== Assigned task ==
Beginning with the first line below, please restate each line exactly, down to and including the line containing "さあ、魚釣り開始。どれだけ釣れるか、ワクワクしながら糸を垂れています。".

==== Data supplied

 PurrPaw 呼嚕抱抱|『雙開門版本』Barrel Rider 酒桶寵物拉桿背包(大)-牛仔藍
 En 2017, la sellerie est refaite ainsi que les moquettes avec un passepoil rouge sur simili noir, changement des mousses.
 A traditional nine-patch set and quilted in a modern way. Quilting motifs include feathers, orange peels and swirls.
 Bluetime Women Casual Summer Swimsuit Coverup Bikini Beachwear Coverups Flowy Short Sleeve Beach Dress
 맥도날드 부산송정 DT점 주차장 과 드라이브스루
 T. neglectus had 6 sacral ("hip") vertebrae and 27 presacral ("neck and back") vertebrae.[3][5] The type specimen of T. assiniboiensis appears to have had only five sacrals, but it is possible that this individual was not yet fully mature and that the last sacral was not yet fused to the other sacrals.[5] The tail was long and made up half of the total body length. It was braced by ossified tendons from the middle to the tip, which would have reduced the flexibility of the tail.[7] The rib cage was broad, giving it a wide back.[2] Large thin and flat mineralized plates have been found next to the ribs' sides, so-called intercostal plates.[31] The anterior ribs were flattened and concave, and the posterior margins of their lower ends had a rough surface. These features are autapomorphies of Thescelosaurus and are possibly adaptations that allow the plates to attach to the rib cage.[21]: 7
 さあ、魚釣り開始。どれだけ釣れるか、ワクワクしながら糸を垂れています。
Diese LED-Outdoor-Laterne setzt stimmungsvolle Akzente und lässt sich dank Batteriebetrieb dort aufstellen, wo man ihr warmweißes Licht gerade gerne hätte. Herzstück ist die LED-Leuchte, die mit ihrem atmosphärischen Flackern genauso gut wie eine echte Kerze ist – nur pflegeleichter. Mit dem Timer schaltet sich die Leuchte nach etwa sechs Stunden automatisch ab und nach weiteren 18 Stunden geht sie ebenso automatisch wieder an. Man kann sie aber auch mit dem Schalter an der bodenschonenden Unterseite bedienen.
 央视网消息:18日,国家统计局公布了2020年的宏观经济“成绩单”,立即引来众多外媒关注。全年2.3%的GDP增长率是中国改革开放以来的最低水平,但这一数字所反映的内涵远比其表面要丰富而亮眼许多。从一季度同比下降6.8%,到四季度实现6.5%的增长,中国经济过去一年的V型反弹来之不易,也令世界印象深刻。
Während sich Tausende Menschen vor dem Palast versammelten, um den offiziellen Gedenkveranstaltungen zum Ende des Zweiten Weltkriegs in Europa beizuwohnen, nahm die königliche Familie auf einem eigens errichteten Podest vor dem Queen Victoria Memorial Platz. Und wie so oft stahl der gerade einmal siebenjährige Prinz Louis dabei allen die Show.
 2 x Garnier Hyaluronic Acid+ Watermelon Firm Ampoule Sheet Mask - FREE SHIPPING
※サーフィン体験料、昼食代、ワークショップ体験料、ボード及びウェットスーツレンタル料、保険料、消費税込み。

========

== Solution below ==
 PurrPaw 呼嚕抱抱|『雙開門版本』Barrel Rider 酒桶寵物拉桿背包(大)-牛仔藍
 En 2017, la sellerie est refaite ainsi que les moquettes avec un passepoil rouge sur simili noir, changement des mousses.
 A traditional nine-patch set and quilted in a modern way. Quilting motifs include feathers, orange peels and swirls.
 Bluetime Women Casual Summer Swimsuit Coverup Bikini Beachwear Coverups Flowy Short Sleeve Beach Dress
 맥도날드 부산송정 DT점 주차장 과 드라이브스루
 T. neglectus had 6 sacral ("hip") vertebrae and 27 presacral ("neck and back") vertebrae.[3][5] The type specimen of T. assiniboiensis appears to have had only five sacrals, but it is possible that this individual was not yet fully mature and that the last sacral was not yet fused to the other sacrals.[5] The tail was long and made up half of the total body length. It was braced by ossified tendons from the middle to the tip, which would have reduced the flexibility of the tail.[7] The rib cage was broad, giving it a wide back.[2] Large thin and flat mineralized plates have been found next to the ribs' sides, so-called intercostal plates.[31] The anterior ribs were flattened and concave, and the posterior margins of their lower ends had a rough surface. These features are autapomorphies of Thescelosaurus and are possibly adaptations that allow the plates to attach to the rib cage.[21]: 7
 さあ、魚釣り開始。どれだけ釣れるか、ワクワクしながら糸を垂れています。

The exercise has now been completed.